- **THE TASK**
Pictures stay out; print the rest of the listing below exactly as it stands.

[DATA PROVIDED Boundary: Start]

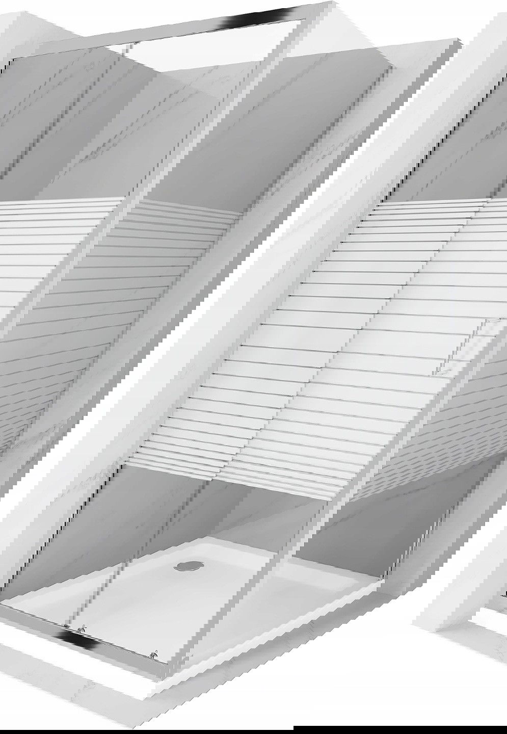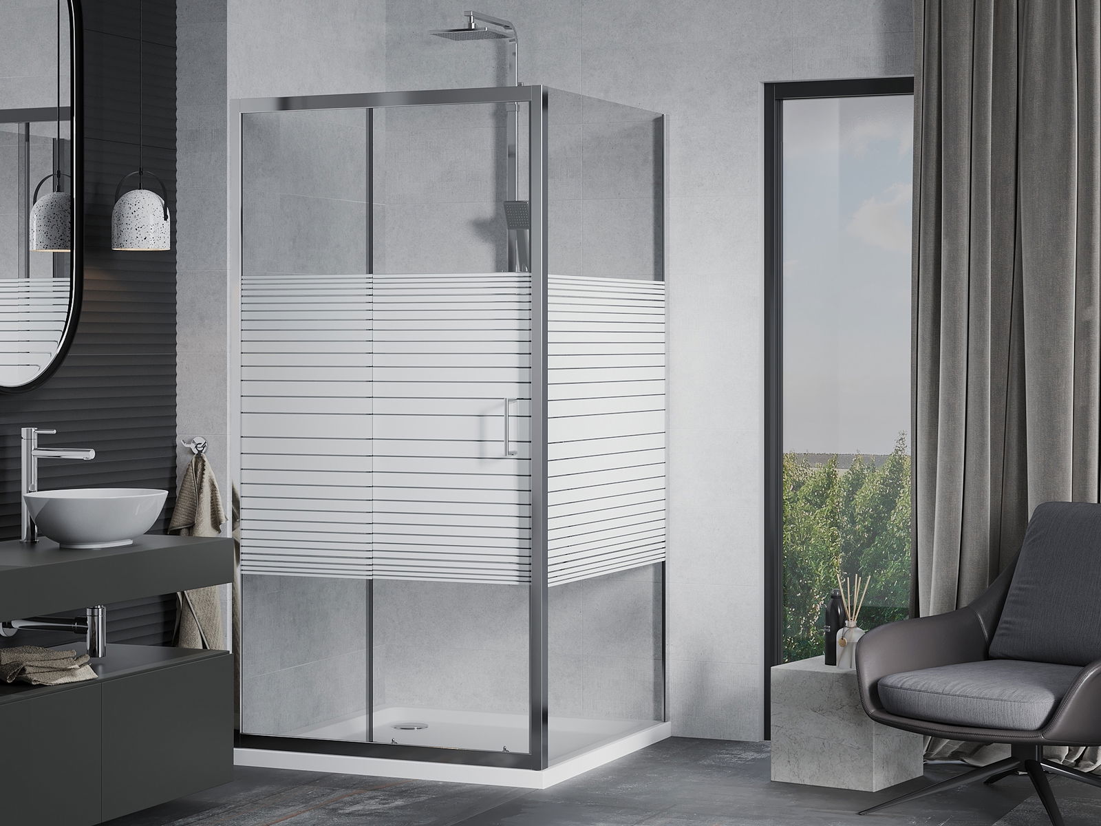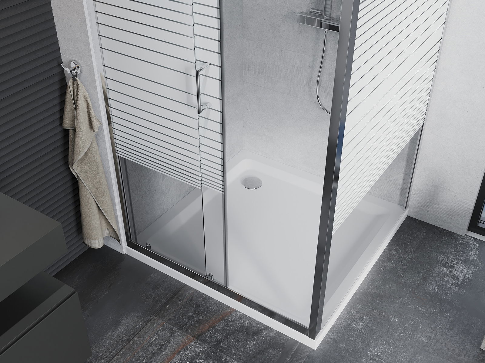Mexen Apia posuvná sprchová kabína 100 x 100 cm, biele pruhy, chróm + brodzik Flat - 840-100-100-01-20-4010
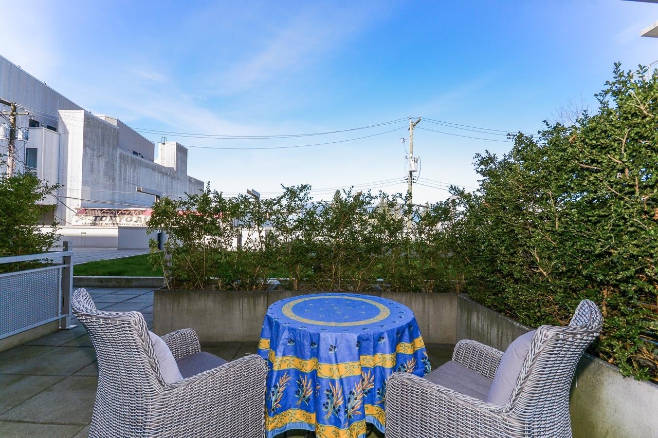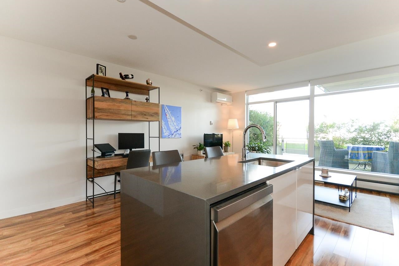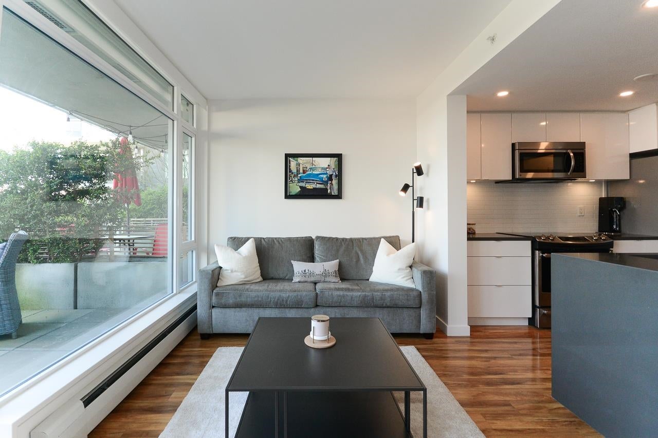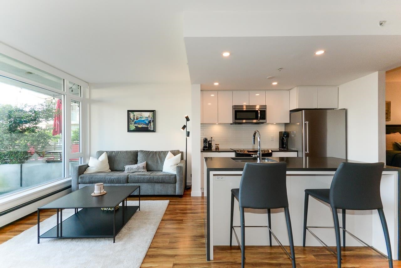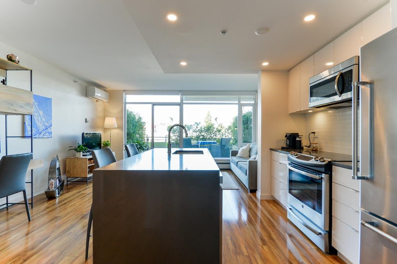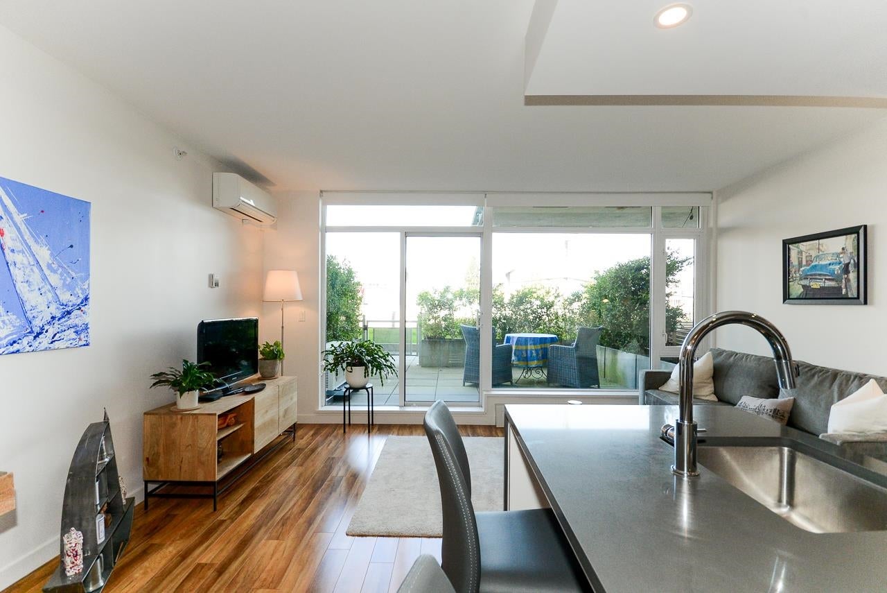 Great garden apartment in SHINE. This classy concrete low-rise is in the heart of Mount Pleasant with views of the North Shore Mountains. Nicer than new this spotless 1 bedroom boasts the "Great Room" living with a bright white kitchen, quartz counters, big island & wall to wall windows overlooking the private 175 sq. ft. patio. This outdoor space extends your living area and overlooks a secure garden. heat & hot water are included in the maintenance fee. There is a new refrigerator, remote control blinds & recently installed heat pump for A/C. This is one sweet suite!
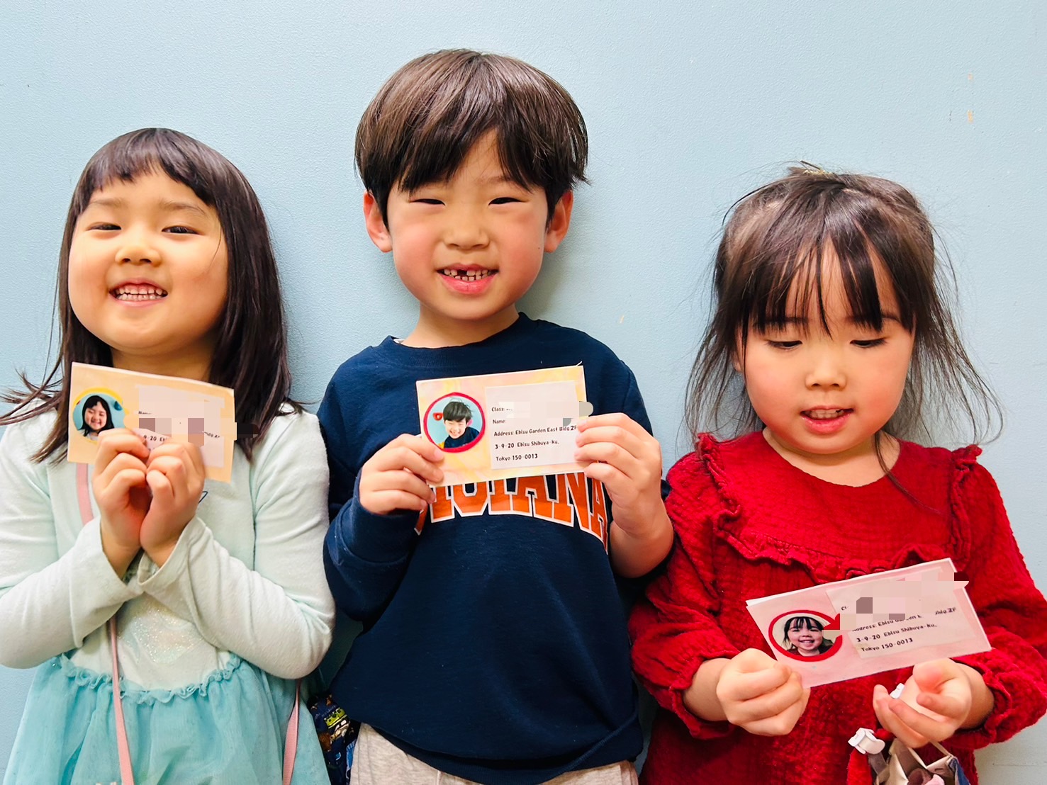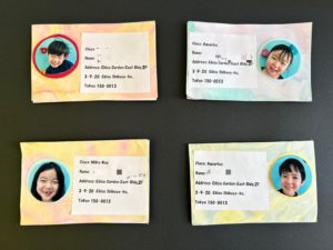 模様入りのカードに自分の写真とPersonal Infomationをのせて…

[DATA PROVIDED Boundary: End]

- **RESPONSE FOR THIS EXERCISE**
Mexen Apia posuvná sprchová kabína 100 x 100 cm, biele pruhy, chróm + brodzik Flat - 840-100-100-01-20-4010
 Great garden apartment in SHINE. This classy concrete low-rise is in the heart of Mount Pleasant with views of the North Shore Mountains. Nicer than new this spotless 1 bedroom boasts the "Great Room" living with a bright white kitchen, quartz counters, big island & wall to wall windows overlooking the private 175 sq. ft. patio. This outdoor space extends your living area and overlooks a secure garden. heat & hot water are included in the maintenance fee. There is a new refrigerator, remote control blinds & recently installed heat pump for A/C. This is one sweet suite!
 模様入りのカードに自分の写真とPersonal Infomationをのせて…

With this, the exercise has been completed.